Sharing of YFV-responding TCRs across donors. (A) Number of expanded TCR amino acid clonotypes shared between pairs of donors, divided by the product of the numbers of expanded clonotypes in each donor. All three twin pairs (S, P, and Q) show higher numbers of shared expanded clonotype TCRs than unrelated individuals and are clustered together by hierarchical clustering (dendrogram on top). (B) The normalized sharing of expanded clonotype TCRs (Left) is much higher than the normalized sharing in the whole TCR repertoire (Right). Sharing in twins (red) always exceeds sharing in unrelated individuals (blue).

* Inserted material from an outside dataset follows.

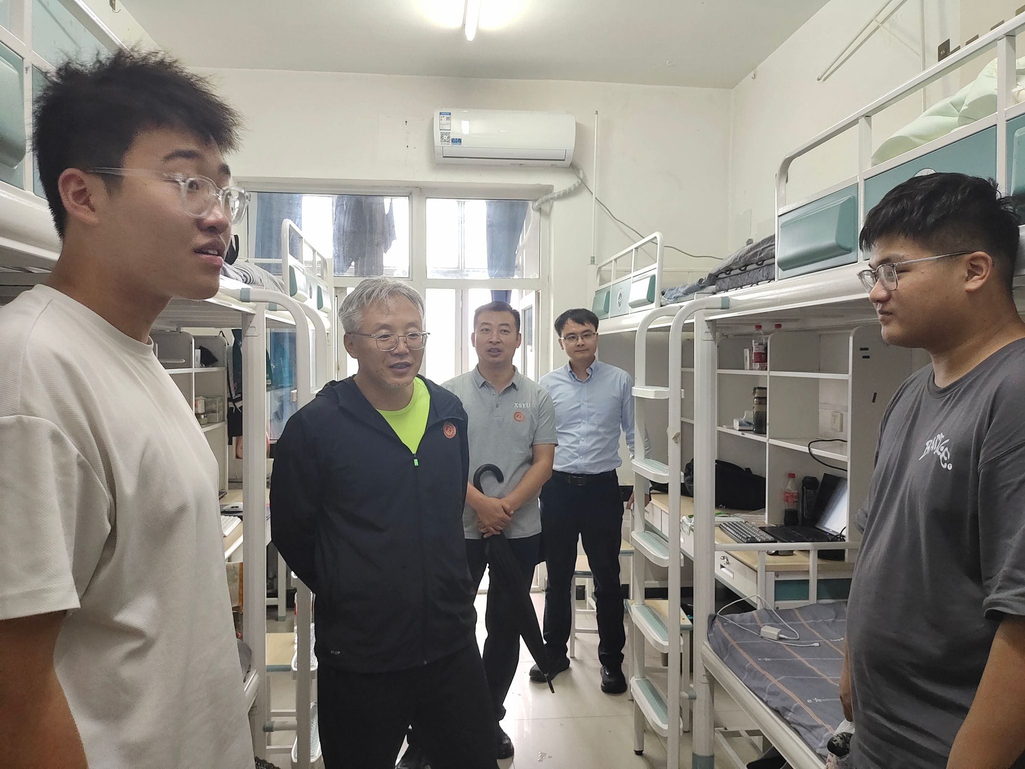 94日至5日迎新日,學(xué)院上下齊心協(xié)力,共同投入迎新一線。學(xué)院領(lǐng)導(dǎo)班子、學(xué)生工作辦公室全體老師、學(xué)生干部及志愿者全員到崗,各司其職。從西安各大交通樞紐的跟車接站,到校園內(nèi)的報到指引、身份核驗,再到協(xié)助搬運行李,全過程銜接流暢、秩序井然。學(xué)院準(zhǔn)備的礦泉水、行李小推車、創(chuàng)意合照卡牌、應(yīng)急雨具和藥品等物資,于細(xì)微處體現(xiàn)了學(xué)院對新生的誠摯歡迎與人文關(guān)懷,讓初入校園的新生和家長倍感溫暖。迎新點輪班工作堅持直到最后一人完成報到,對未抵達(dá)新生點對點聯(lián)系,將服務(wù)保障與數(shù)據(jù)統(tǒng)計做細(xì)做實。95日下午,學(xué)院黨委領(lǐng)導(dǎo)一行走訪了新生宿舍,為同學(xué)們送去關(guān)懷與問候。走訪中,領(lǐng)導(dǎo)們悉心檢查宿舍設(shè)施,與新生暢談入學(xué)報到的體驗,并希望大家盡快適應(yīng)新生活,順利開啟大學(xué)新篇章。他們特別囑咐,要建立和諧的宿舍關(guān)系,若有任何急難事,務(wù)必第一時間聯(lián)系輔導(dǎo)員老師。學(xué)院迎新當(dāng)日的服務(wù)接受了校領(lǐng)導(dǎo)的檢驗,受到了學(xué)生和家長廣泛一致的好評。

Overall, shared sequences (across at least two donors) accounted for a small fraction of the response in each donor. Only 2.5% to 4.4% of unique responding TCR sequences were public (present in more than one donor). These sequences correspond to 2.7% to 8.2% of YF-specific cells in all donors except Q1, which show an outlying value of 33% due to large expansion of few public TCR sequences (see SI Appendix, Table S4). Despite the low numbers of shared TCRs, normalized sharing of YFV 17D-reactive amino acid clonotype sequences was more than 2 orders of magnitude higher than in the total TCR repertoire for both twins and unrelated individuals (Fig. 2B). This may result from convergent selection of the same TCR variants recognizing the same epitopes in different donors.
Fig. 3.
Convergence of amino acid sequences in the YFV-responding TCR repertoire. (A) Number of pairs of similar clones (Left: exact same CDR3 amino acid sequence; Middle: up to one mismatch; Right: up to two mismatches) normalized by the number of possible pairings in each individual (see SI Appendix). The number of similar clones in the data (yellow dots) is larger than the number of similar clones in randomly drawn samples (dark-blue dots) of the same size ( for zero, one, and two mismatches; one-sided paired t test). As a reference, the red dots show an example of a restricted and specific repertoire for the yellow fever virus immunodominant epitope NS4b214−222 [data from VDJdb (20); see Dataset S1]. (B) One thousand most abundant TCRs from donor S1 at day 15. Each vertex corresponds to a TCR amino acid sequence; edges connect sequences differing by two or fewer amino acids in their CDR3. Only vertices with neighbors are plotted. Yellow clonotypes indicate expanded clonotypes, while blue clonotypes were present before immunization at similar frequencies as on day 15. The vast majority of edges (95 out of 103) are formed between TCR clonotypes of the same status (expanded or not expanded).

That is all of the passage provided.